The U.S. Food and Drug Administration (FDA) accepted a Biologics License Application (BLA) and granted Priority Review for spesolimab for the treatment of GPP flares. The FDA has granted spesolimab Orphan Drug Designation for the treatment of GPP and Breakthrough Therapy Designation for spesolimab for the treatment of GPP flares in adults.

"At Boehringer Ingelheim, we are committed to finding transformative therapies to help advance treatment for people who urgently need them," said Matt Frankel, M.D., Vice President, Clinical Development and Medical Affairs, Specialty Care, Boehringer Ingelheim. "The findings indicate that spesolimab may have a significant and positive impact on the wellbeing of patients experiencing a GPP flare."

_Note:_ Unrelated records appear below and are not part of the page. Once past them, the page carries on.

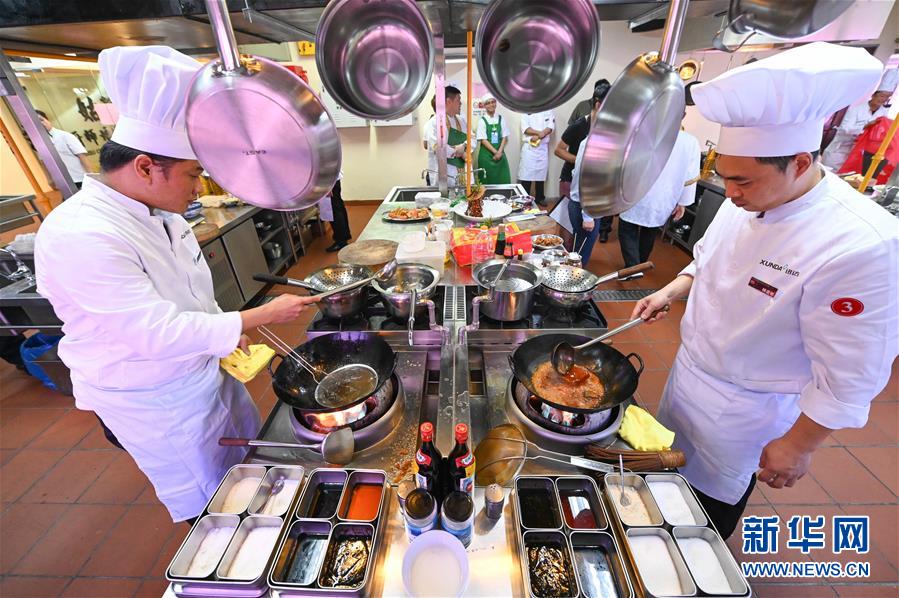 11月20日,在馬來西亞吉隆坡,參賽廚師在制作美食。新華社記者朱煒攝
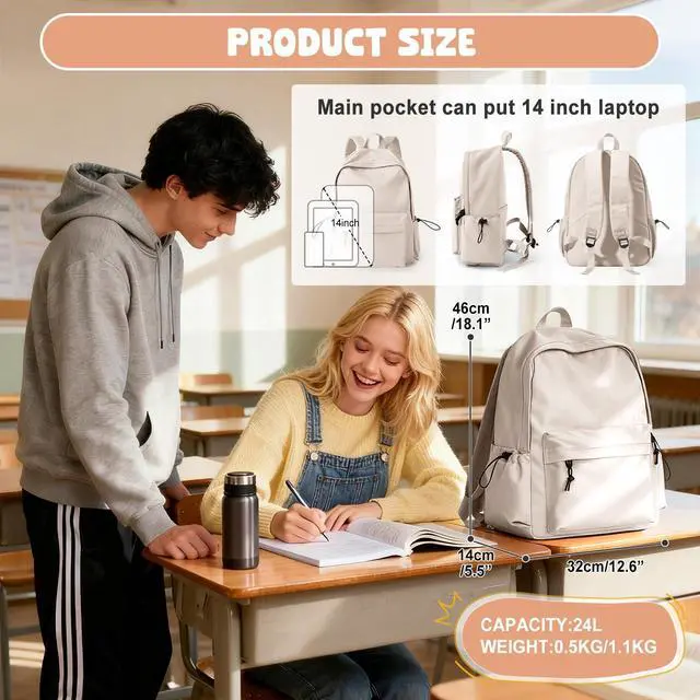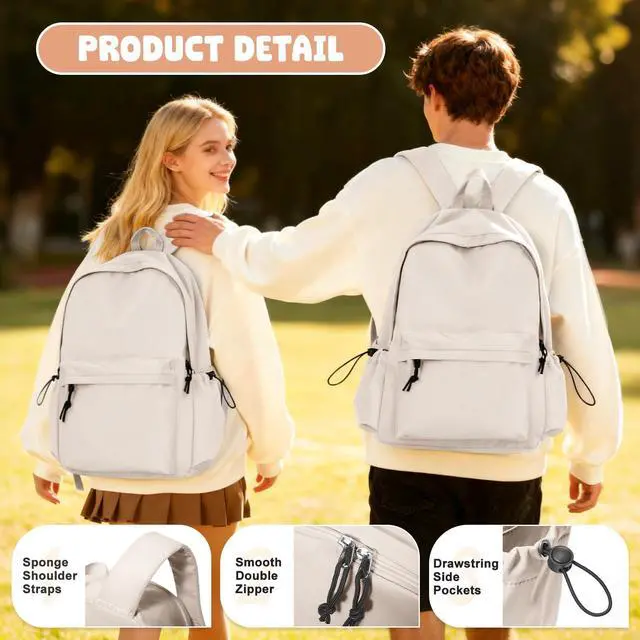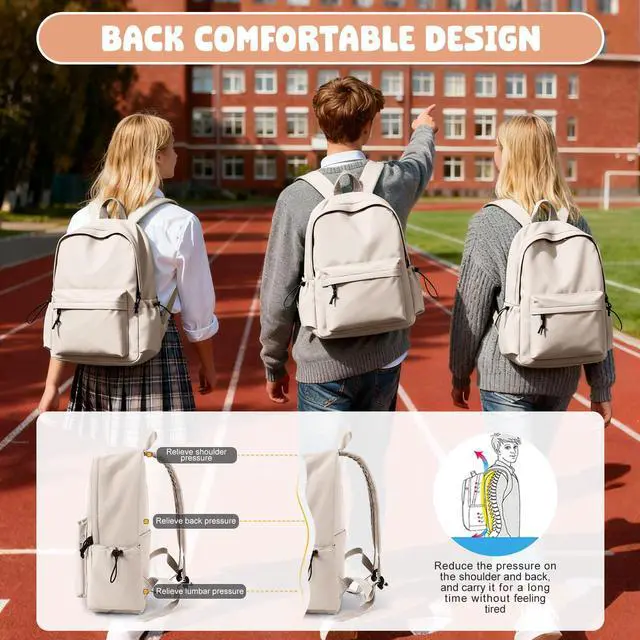 VECAVE School Backpack Beige Waterproof Bookbag Casual Lightweight Travel Rucksack Daypack Backpacks for Men Women College High School Bags backpack for Boys Girls Teens
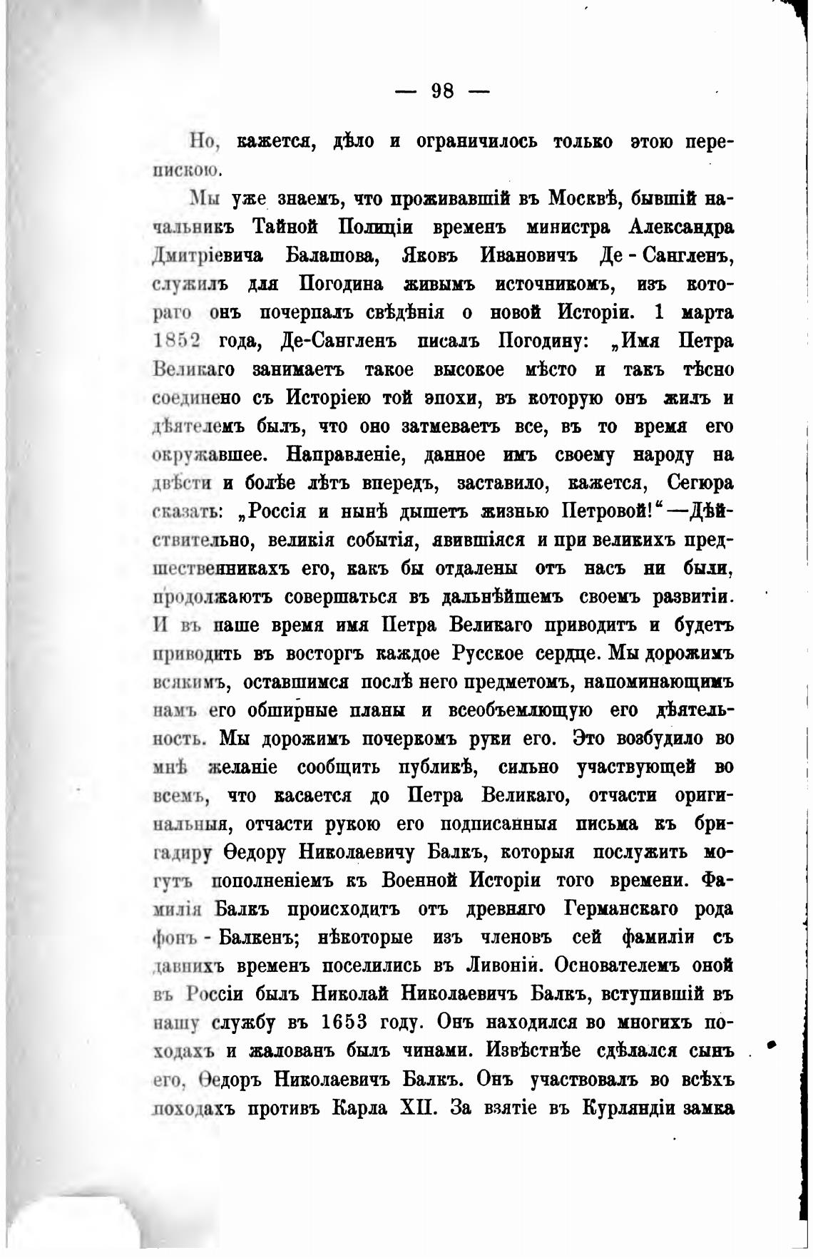 года, Де-Сангленъ писалъ Погодину: „Има Петра
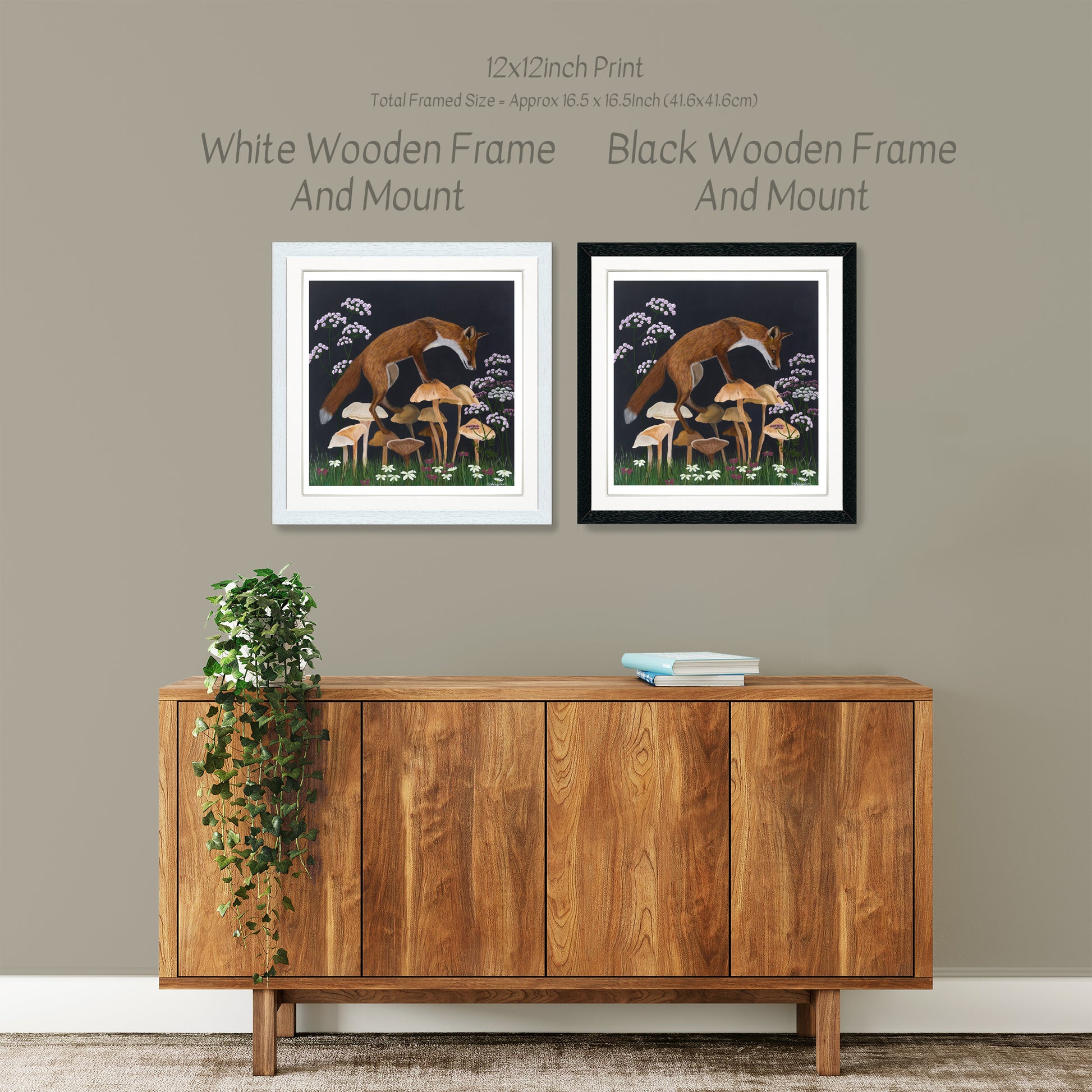 A striking print featuring a fox carefully stepping across a cluster of woodland mushrooms, set against a dark, atmospheric background. Fine detail, natural rhythm, and a sense of quiet focus give the piece a poised, almost weightless feel.
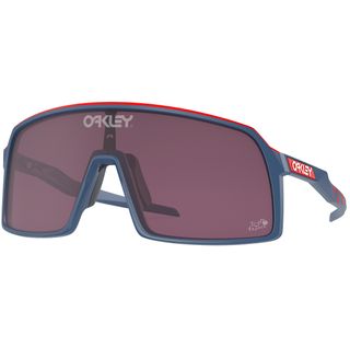 La version Tour de France des miroirs Sutro a incrusté un tube rouge sur les sourcils à l’aide d’une couche de base de position mate, avec plus de détails rouges sur les mains et un fond rouge derrière l’emblème Oakley blanc sur les tempes.
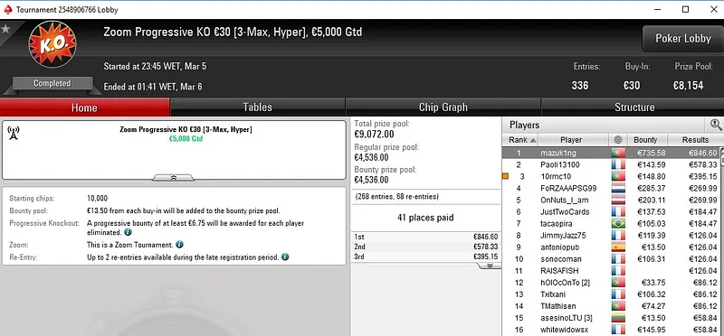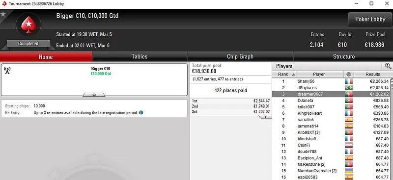 A sessão de terça-feira trouxe mais de uma dezena de prémios de quatro dígitos para os jogadores portugueses nas mesas da PokerStars.pt. O maior prémio do dia voltou a ser conquistado num dos torneios mais rápidos, o Midnight Express €20. NoemiSL subiu ao segundo lugar do pódio e encaixou um prémio de €2.329 em menos de duas horas de jogo.
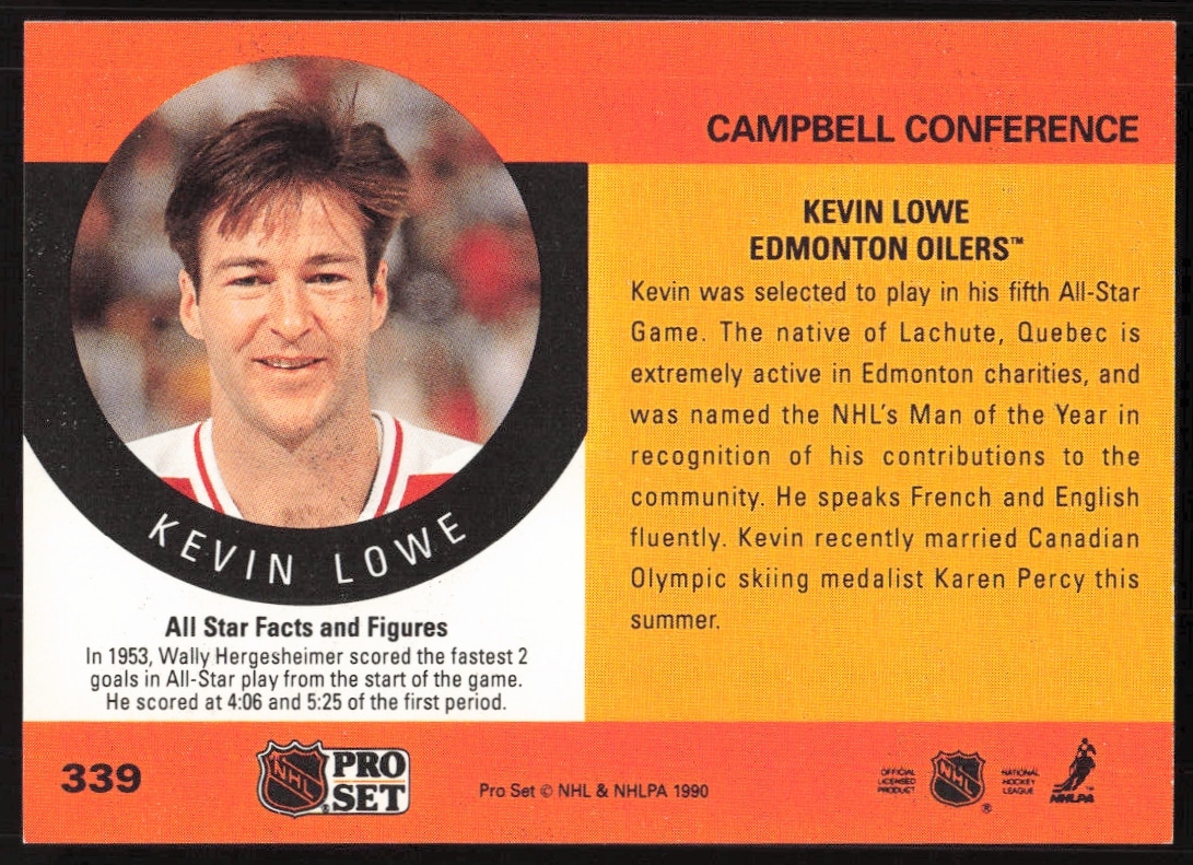 This Hockey card, from 1990-91 is part of the Pro Set NHL card set. Kevin Lowe is featured and has a card number of 339.
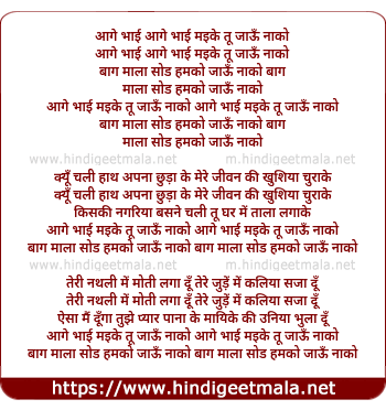 Lyrics of Aage Bai Maike Tu Jau Nako - आगे भाई माइके तू जाऊँ नाको
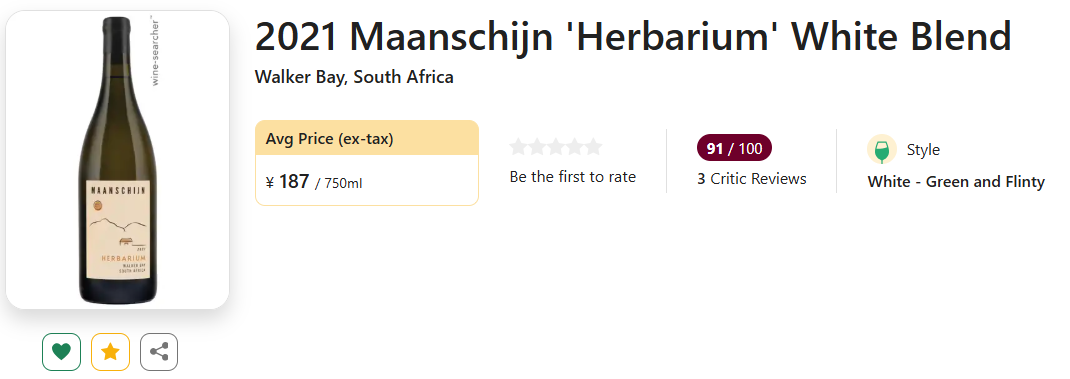他们的Herbarium系列,旨在用酒液封存Walker Bay的山海精魂。而这支2021年份的白葡萄酒,正是他们理念的至臻展现——它不仅仅是一款酒,更是一瓶可以饮用的、充满生命力的“风土标本”。
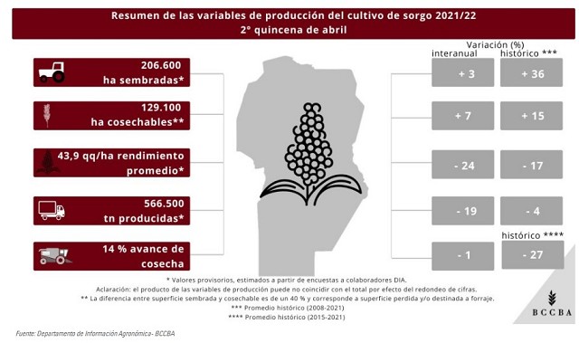 Del área sembrada con sorgo en la provincia un 40 % correspondería a superficie con destino forrajero más superficie perdida, quedando un área cosechable de casi 130 mil hectáreas. A la fecha de relevamiento y según información brindada por nuestra Red de Colaboradores, tanto el rendimiento como la producción de la campaña, con 43,9 qq/ha y 566.500 toneladas, marcarían una baja respecto a campañas anteriores. Con más del 85 % de los lotes en madurez fisiológica (E9), el avance de cosecha a principios de mayo era del 14 %, estando apenas por debajo de los valores alcanzados en campañas anteriores.
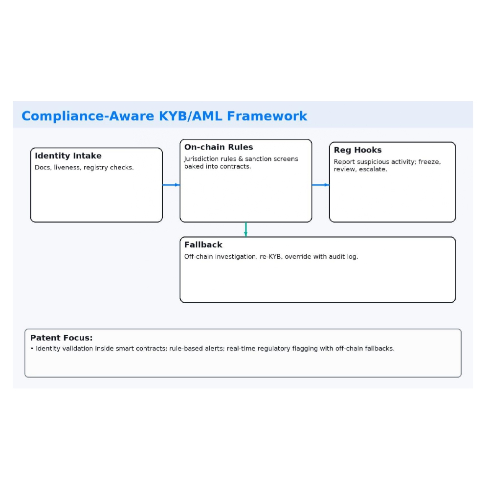 Compliance-aware Know-Your-Business (KYB) and Anti-Money Laundering (AML) verification framework for blockchain transactions.
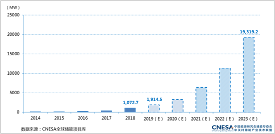 CNESA研究部自2014年起对中国储能市场规模进行预测,五年来,在行业专家和储能企业的支持下,研究部已积累了一定经验。我们将在《储能产业研究白皮书2019》中对2019-2023年中国储能市场的规模和发展趋势进行预测。
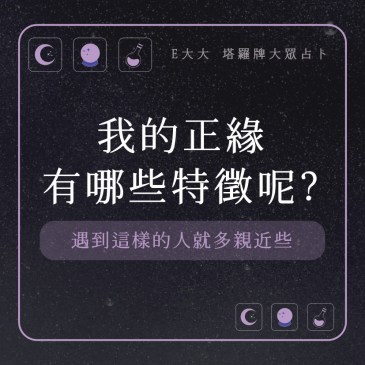 嗨~我是E大,歡迎你來到我的塔羅世界,創立這個平台主要是為了讓更多人對塔羅牌產生興趣,並且能透過牌卡找到自己人 … More 我的正緣有哪些特徵呢?遇到這樣的人就多親近些,測測看好了! |塔牌測驗💜

The clinical program for spesolimab includes two other trials that are currently underway. The Effisayil™ 2 study will assess the safety and efficacy of spesolimab for the treatment of GPP, including flare prevention and symptom control over 48 weeks. Effisayil™ ON is a five-year, open-label extension study that will provide additional long-term efficacy and safety data for spesolimab in the treatment of GPP.

About spesolimab

Spesolimab is a novel, humanized, selective antibody that blocks the activation of the interleukin-36 receptor (IL-36R), a signaling pathway within the immune system shown to be involved in the pathogeneses of several autoimmune diseases, including GPP. Spesolimab is also under investigation for the prevention of GPP flares and for the treatment of other neutrophilic skin diseases, such as palmoplantar pustulosis (PPP) and hidradenitis suppurativa (HS).

About the Effisayil™ 1 clinical trial

Effisayil™ 1 (NCT03782792) was a 12-week Phase II trial investigating patients with a GPP flare (N=53), randomly assigned 2:1 to a single 900 mg intravenous dose of spesolimab or placebo. The primary endpoint was a GPP Physician Global Assessment (GPPGA) pustulation subscore of 0 (no visible pustules) at week one. The key secondary endpoint was a GPPGA score of 0/1 (clear/almost clear skin) at week one.

After one week, 54% of patients (19 out of 35) treated with spesolimab showed no visible pustules (GPPGA score of 0), compared to 6% of patients (1 out of 18) treated with placebo (P<0.001). In addition, 43% of patients (15 out of 35) treated with spesolimab showed clear/almost clear skin (GPPGA score of 0/1), compared to 11% of patients (2 out of 18) in the placebo group (P=0.024).

About generalized pustular psoriasis (GPP)

GPP is a rare, heterogenous and potentially life-threatening neutrophilic skin disease, which is clinically distinct from plaque psoriasis. GPP is caused by neutrophils (a type of white blood cell) accumulating in the skin, resulting in painful, sterile pustules all over the body. The clinical course varies, with some patients having a relapsing disease with recurrent flares, and others having a persistent disease with intermittent flares. While the severity of GPP flares can vary, if left untreated they can be life-threatening due to complications such as sepsis and multisystem organ failure. This chronic, systemic disease has a substantial quality of life impact for patients and healthcare burden. GPP has a varied prevalence across different geographical regions and more women are affected than men.